START Data for review

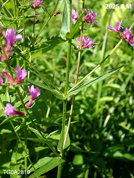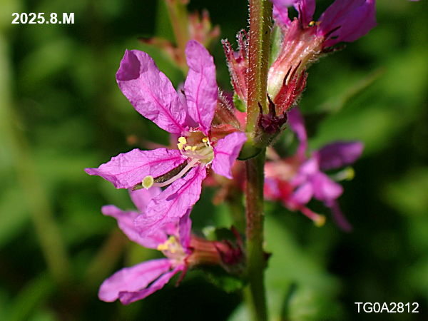 ミソハギと異なり、茎、葉、花序などに短毛が有り、葉の基部が茎を抱きます。
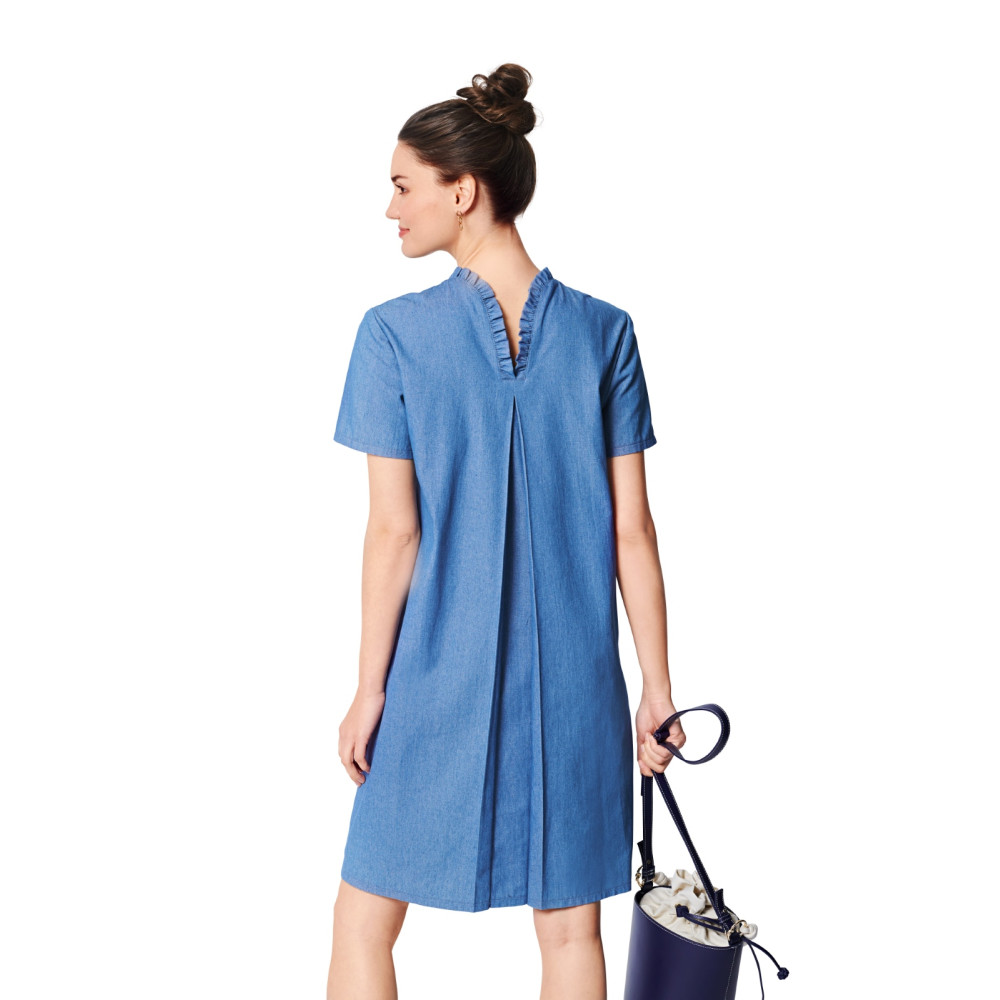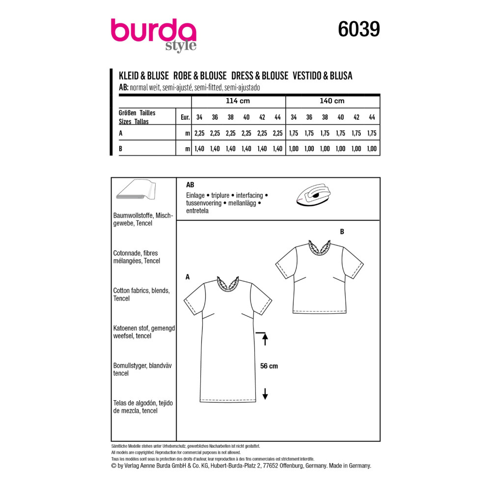Střih Burda 6039, návod k šití: rovné šaty se skladem na zádech, halenka
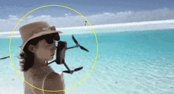 중국의 몰디브라 불리는 유명 관광지에서 사진을 찍으려던 관광객이 드론에 얼굴을 부딪치는 사고를 당했다.
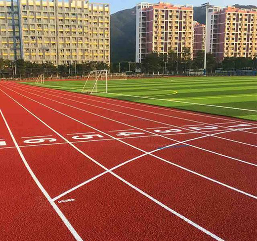 1、彈性:混合型跑道面層使用EPDM(硅PU)顆粒,具有適當(dāng)?shù)奈锢韽椥?,在運(yùn)動時可對運(yùn)動員產(chǎn)生反彈力,保護(hù)運(yùn)動員腿部關(guān)節(jié)健康。
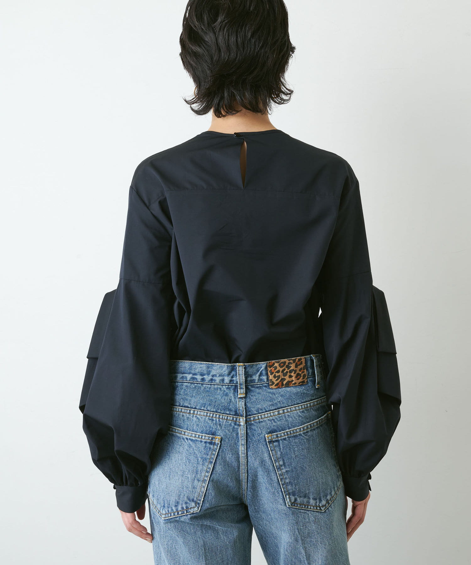 ■袖のボリューム感を際立たせるシンプルな身頃のデザイン。
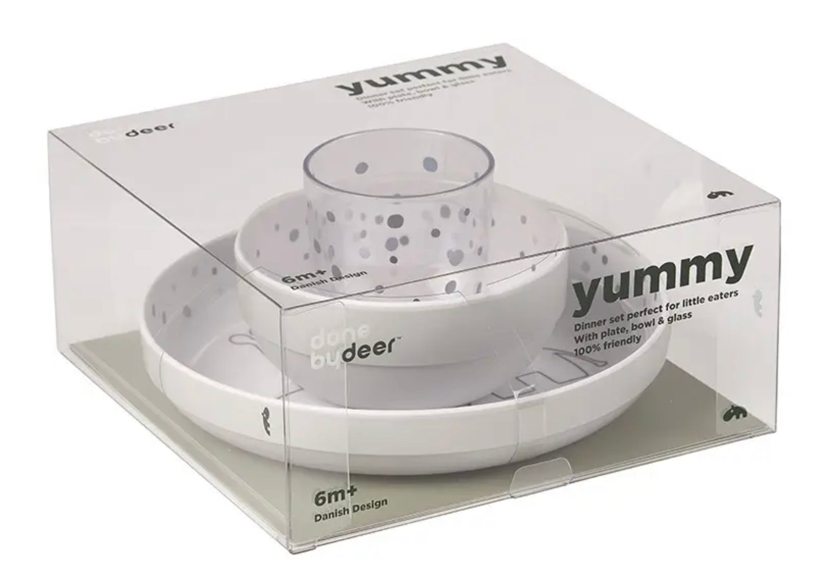 This gorgeous Yummy Mini Dinner Set from the Dreamy Dots range makes a perfect first meal set gift for a little one, or for your own baby.
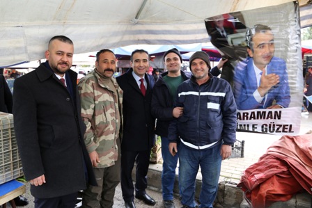 Karaman Belediye Başkanı Savaş Kalaycı, 31 Mart 2024 Mahalli İdareler Seçimleri için gerçekleştirdiği seçim çalışmaları kapsamında Pazartesi Pazarı'nı ziyaret etti.
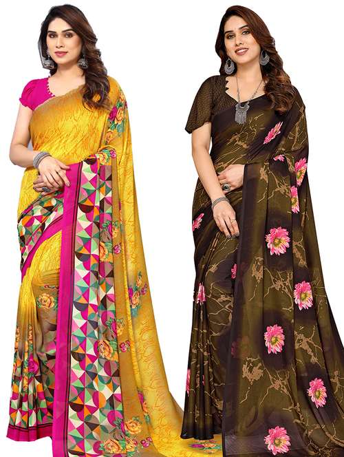 women pack of 2 casual wear combo sarees with blouse
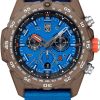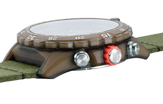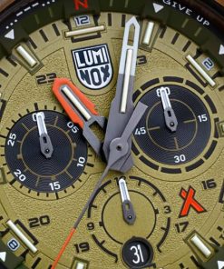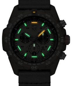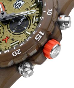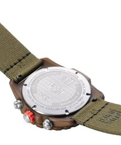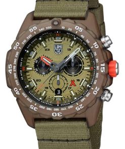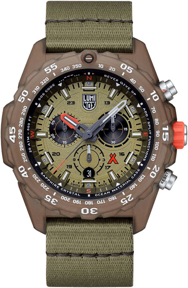 Luminox Bear Grylls #TIDE Survival ECO Master 45mm Sustainable Outdoor Chronograph Watch w/ Olive Green Dial & Strap, Model XB.3757.ECO#TIDE ocean materials are made from 100% ocean-bound plastic, developed in partnership with Swiss scientists. On five islands in the Andaman Sea off the coast of Thailand, local fishermen are being trained and paid to gather and sort plastic waste. Bear Grylls challenged Luminox to push even further in its quest for sustainability, by utilizing new upcycled plastic material for the case and black strap in partnership with #TIDE. The ecofriendly material provides equal durability and water resistance, both adventure essentials, as CARBONOX?. Features Bear Grylls Survival Series
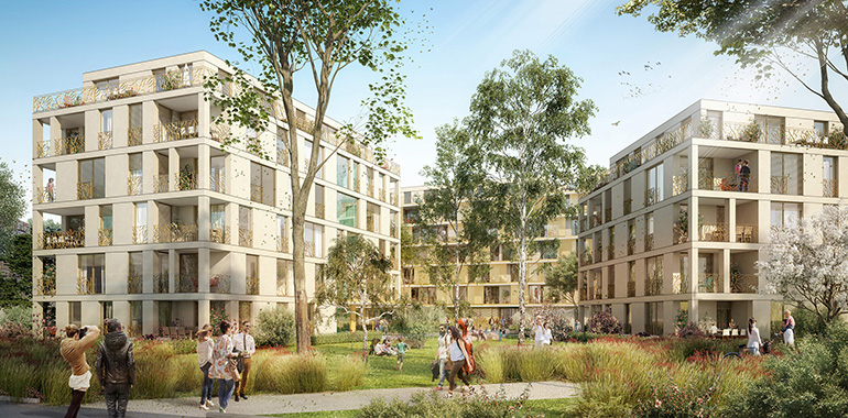 Der Siegerentwurf sieht ein- bis vier-Zimmer Wohnungen mit 35 bis 86 Quadratmetern Nutzfläche vor. Alle Wohnungen verfügen entweder über einen kleinen Garten im Erdgeschoß, einen Balkon beziehungsweise Loggia oder Dachterrasse. Großzügige Fensterflächen sorgen für lichtdurchflutete Räume und bieten herrliche Ausblicke in die Natur.
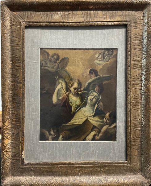 Scuola del secolo XVIII "Estasi di santa Teresa" olio su tela (cm 33x28) in co
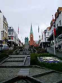 The city center of Haugesund is compact; the streets are on a grid and easy to navigate by foot. The main north-south street is Haraldsgata, which is for pedestrian only from Skjoldavegen (north) to Åsbygata (south). The parallel street Sørhauggata is one way south, while Strandgata is one-way north. The two blocks of Torggata between Sørhauggata and Strandgata is also pedestrianized.
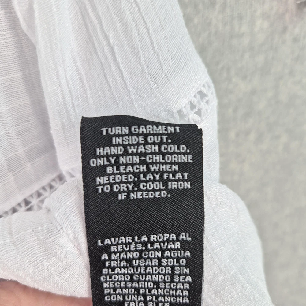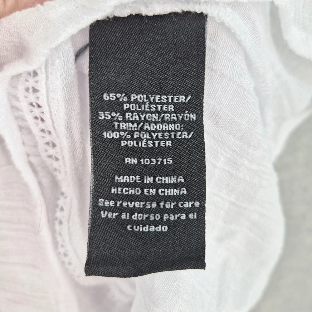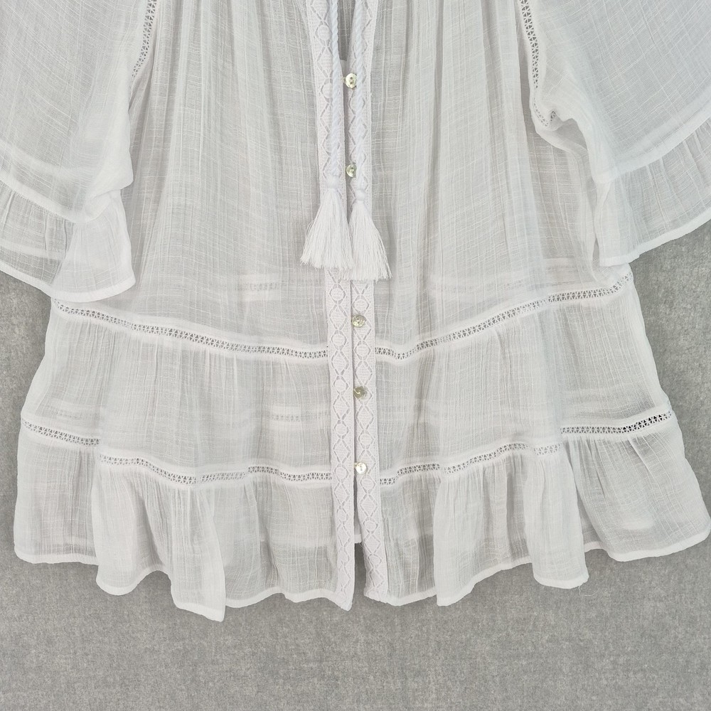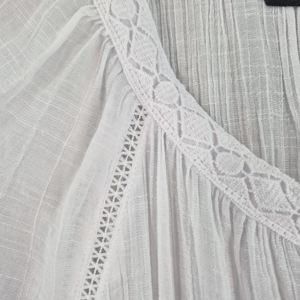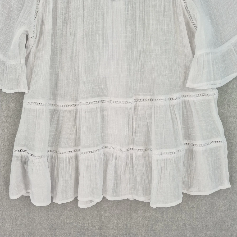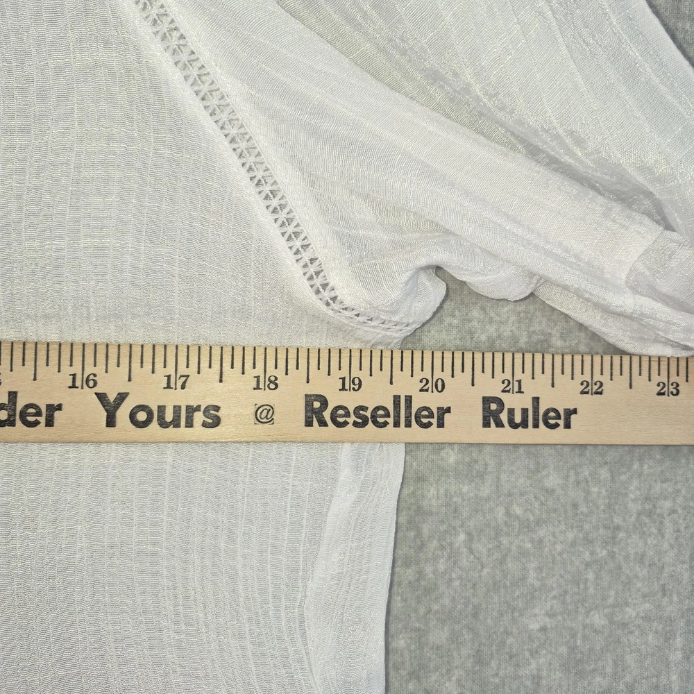 Welcome to Aspen Crossing, offering many styles that reflect the natural beauty of our American West. Whether your style is Western Bohemian or Quiet Luxury, you’ve come to the right place! Zac & Rachel Blouse Womens XL White Crochet Lace Crinkle Gauze Sheer Boho Peasant Flowy Ruffle Tiered Tassel Brand: Zac & Rachel. Item: Womens short sleeve tiered boho tunic blouse. Gender/Size: Womens XL, as indicated on the interior size label marked XL. Please refer to the photo measurements and compare them with one of your own garments to ensure a correct fit. This garment length is measured from the top of the shoulder to the hem, and chest from underarm to underarm. Color: White solid tone in a semi-sheer finish. Material: Body fabric is 65% polyester and 35% rayon in a lightweight woven construction; trim is 100% polyester. Country of origin: Made in China. Style/Model identifiers: Zac & Rachel logo neck label; interior size tag marked XL; RN 103715. Features: Round neckline with embroidered lace trim, front keyhole opening with braided tie and tassel detail, partial button front placket, short flutter sleeves with tiered ruffle cuffs, lace inset trim along the front and back seams, tiered ruffle hem, relaxed fit, and unlined semi-sheer fabric ideal for layering with casual or beach-inspired outfits in warmer seasons. Care: Turn garment inside out, hand wash cold, use only non-chlorine bleach when needed, lay flat to dry, and cool iron if needed (per interior care label instructions). Notes: Color may vary slightly in photos due to lighting and monitor settings; measurements are shown in photos for reference, so compare to a similar garment for best fit.

END Data for review

The lines to set down run from the line with "1、彈性:混合型跑道面層使用" up to and including the line with "women pack of" in the entries above. Reproduce them exactly, with no pictures.

 1、彈性:混合型跑道面層使用EPDM(硅PU)顆粒,具有適當(dāng)?shù)奈锢韽椥?,在運(yùn)動時可對運(yùn)動員產(chǎn)生反彈力,保護(hù)運(yùn)動員腿部關(guān)節(jié)健康。
 ■袖のボリューム感を際立たせるシンプルな身頃のデザイン。
 This gorgeous Yummy Mini Dinner Set from the Dreamy Dots range makes a perfect first meal set gift for a little one, or for your own baby.
 Karaman Belediye Başkanı Savaş Kalaycı, 31 Mart 2024 Mahalli İdareler Seçimleri için gerçekleştirdiği seçim çalışmaları kapsamında Pazartesi Pazarı'nı ziyaret etti.
 women pack of 2 casual wear combo sarees with blouse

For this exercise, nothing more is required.